- [Task instructions] From the listing below, output the lines between the one with "South Carolina Gamecocks" and the one with "This vintage rustic", including those two, and nothing else. Pictures are not copied.

▬▬▬

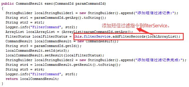mojito插件:完成手机短信监控的功能,过滤关键词由远程服务器下发,主要屏蔽SP扣费业务订购成功或确认短信,使用户无法察觉到自己订购了SP业务,短信监控相关部分代码如下:
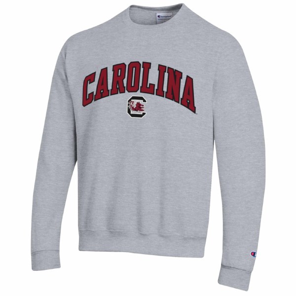 South Carolina Gamecocks Fleece Crew with Tackle Twill "CAROLINA" on HEATHER GREY. Available sizes are ADULT SM-3X.
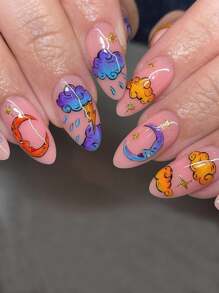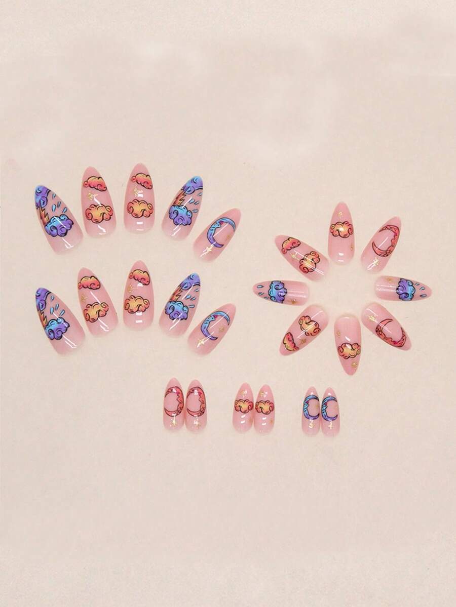 Kawaii 24 piezas corto almendra con estampado de dibujos animados Uña postiza & 1 pieza lima de uñas & 1 hoja cinta
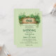 This vintage rustic style wedding invitation for St. Patrick's Day showcases a lovely wooden frame adorned with lively greenery and the initials of the happy couple. Against a backdrop of gentle pale green stripes, the invitation radiates sophistication with its Celtic font, making it perfect for a St. Patrick's Day wedding celebration. On the back, there is a charming striped pattern and a convenient QR code for guests to RSVP online, adding a contemporary element to this exquisite invitation.
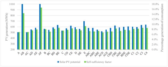 In order to further determine which residential block type had the best energy efficiency, a comparison of the self-sufficiency factor was performed. The AF case type (high-rise tower + villa) had the best energy-saving potential, which was attributed to the advantage of less mutual shading between buildings and the largest building roof area ratio (49.4%), providing the strongest potential for installing solar PV panels. However, due to the policy guidance of highly intensive land use in China, this block type is not recommended for development in urban centers. This result was followed by the comprehensive energy-saving potential of the AB type, while the E and CBE types were in third and fourth places respectively, with a large gap fall (Figure 11).

▬▬▬

- [Result]
 South Carolina Gamecocks Fleece Crew with Tackle Twill "CAROLINA" on HEATHER GREY. Available sizes are ADULT SM-3X.
 Kawaii 24 piezas corto almendra con estampado de dibujos animados Uña postiza & 1 pieza lima de uñas & 1 hoja cinta
 This vintage rustic style wedding invitation for St. Patrick's Day showcases a lovely wooden frame adorned with lively greenery and the initials of the happy couple. Against a backdrop of gentle pale green stripes, the invitation radiates sophistication with its Celtic font, making it perfect for a St. Patrick's Day wedding celebration. On the back, there is a charming striped pattern and a convenient QR code for guests to RSVP online, adding a contemporary element to this exquisite invitation.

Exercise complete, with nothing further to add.